Zambia and Zimbabwe will start building a USD 4 billion (3.54 billion euro) hydropower dam across the Zambezi River next year, a statement said Tuesday, signalling progress in a project first mooted 25 years ago. The Batoka Gorge dam will be situated 50 kilometres (30 miles) downstream of the Victoria Falls with a designed capacity of 2,400 megawatts shared between the two countries.
The Zambezi River Authority (ZRA), which is jointly run by Zambia and Zimbabwe, said feasibility studies were almost complete and a developer would be signed up by the end of this year. "The developer is expected to commence works in the last quarter of 2020," Munyaradzi Munodawafa, chief executive of the ZRA, said in the statement.
The ZRA said the project would have "minimal impacts" on local people as the reservoir behind the dam wall would be contained within the gorge. Studies are underway to mitigate environmental damage, it said.
Zambia has said the project will be built on a "build-operate-transfer" funding model that would not put a fiscal strain on the two impoverished countries. The country's energy minister, Matthew Nkhuwa, told AFP this week that a bidder had yet to be chosen to build for the project.

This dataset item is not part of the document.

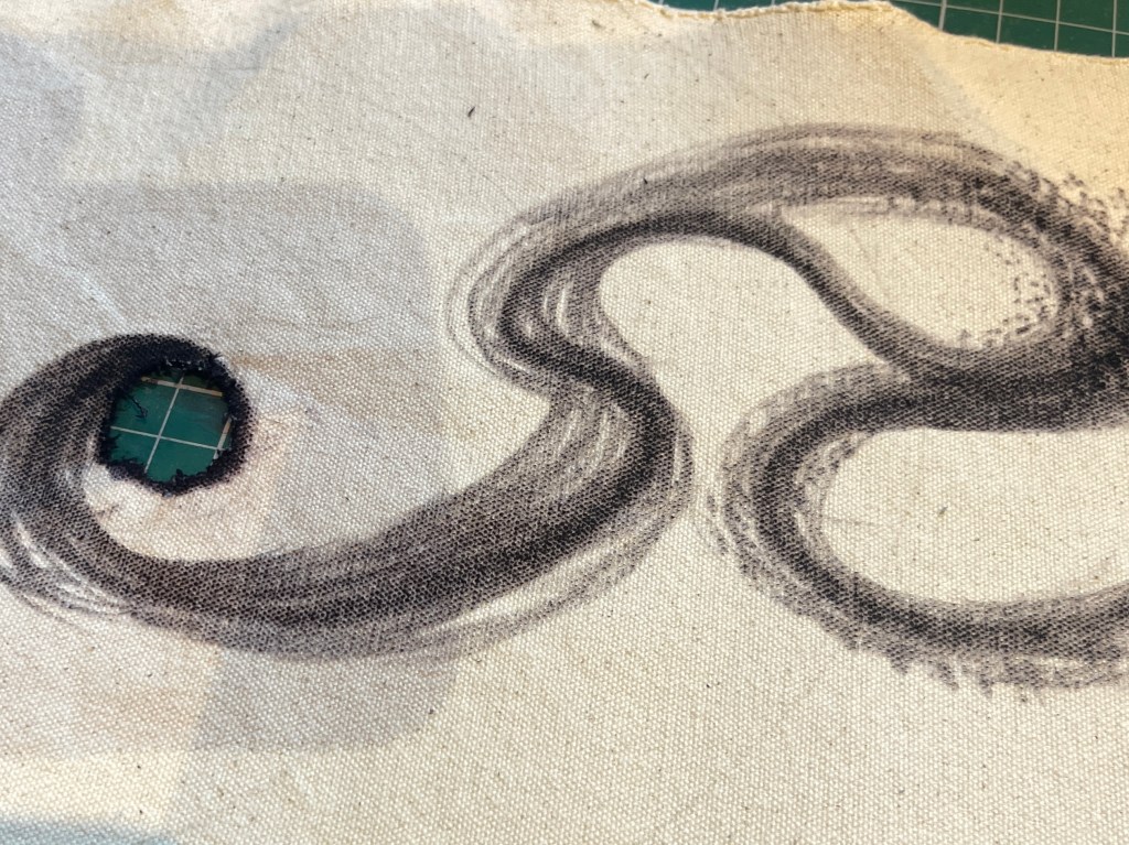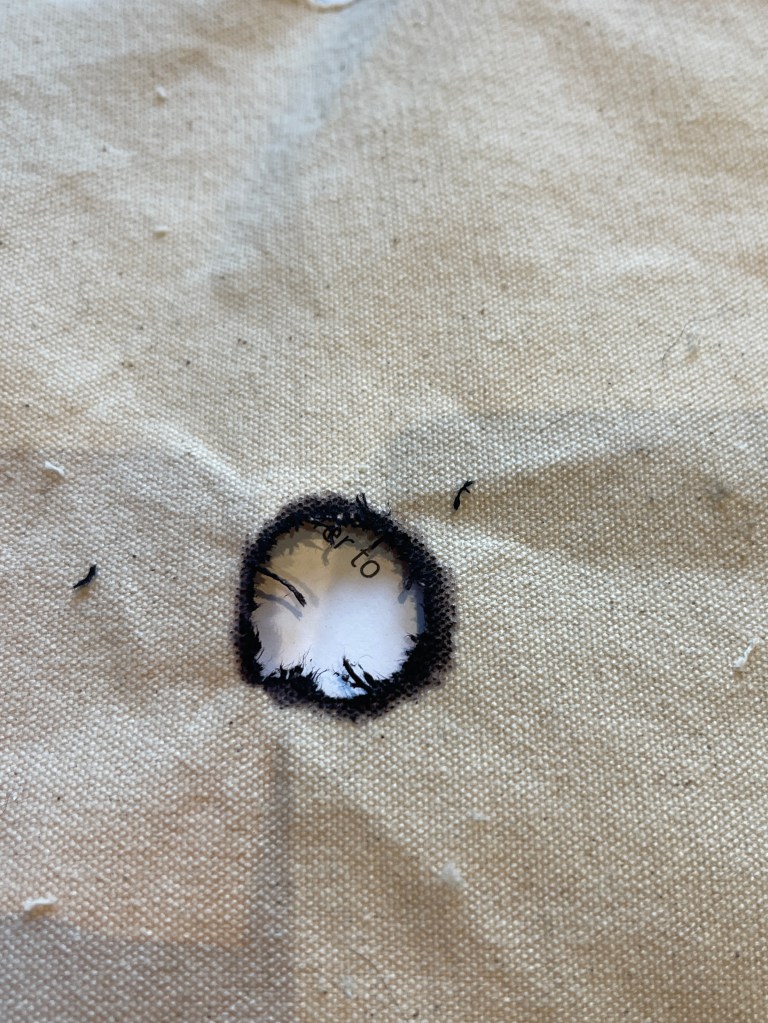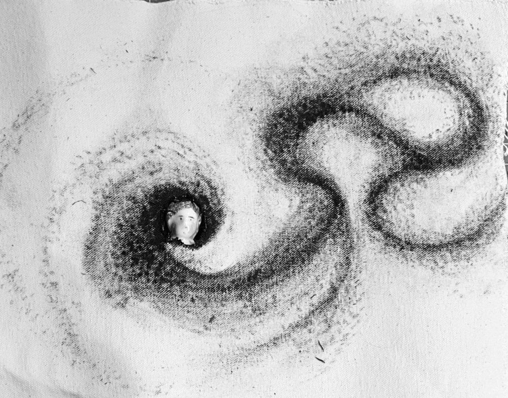 - using some old canvas I created the image with an additional black ‘burn’ hole .. denoting the epicentre of emotion:

According to Bloomberg News, Zimbabwean President Emmerson Mnangagwa said last month that General Electric of the US and Power Construction Corporation of China had been selected. As well as the dam, roads, transmission infrastructure and housing would also be built.
Zimbabwe suffers regular power cuts of 19 hours a day, while Zambia has shorter outages. The two countries are already run the massive Kariba hydropower dam further upstream on the Zambezi river, although it is operating below capacity due to a drought.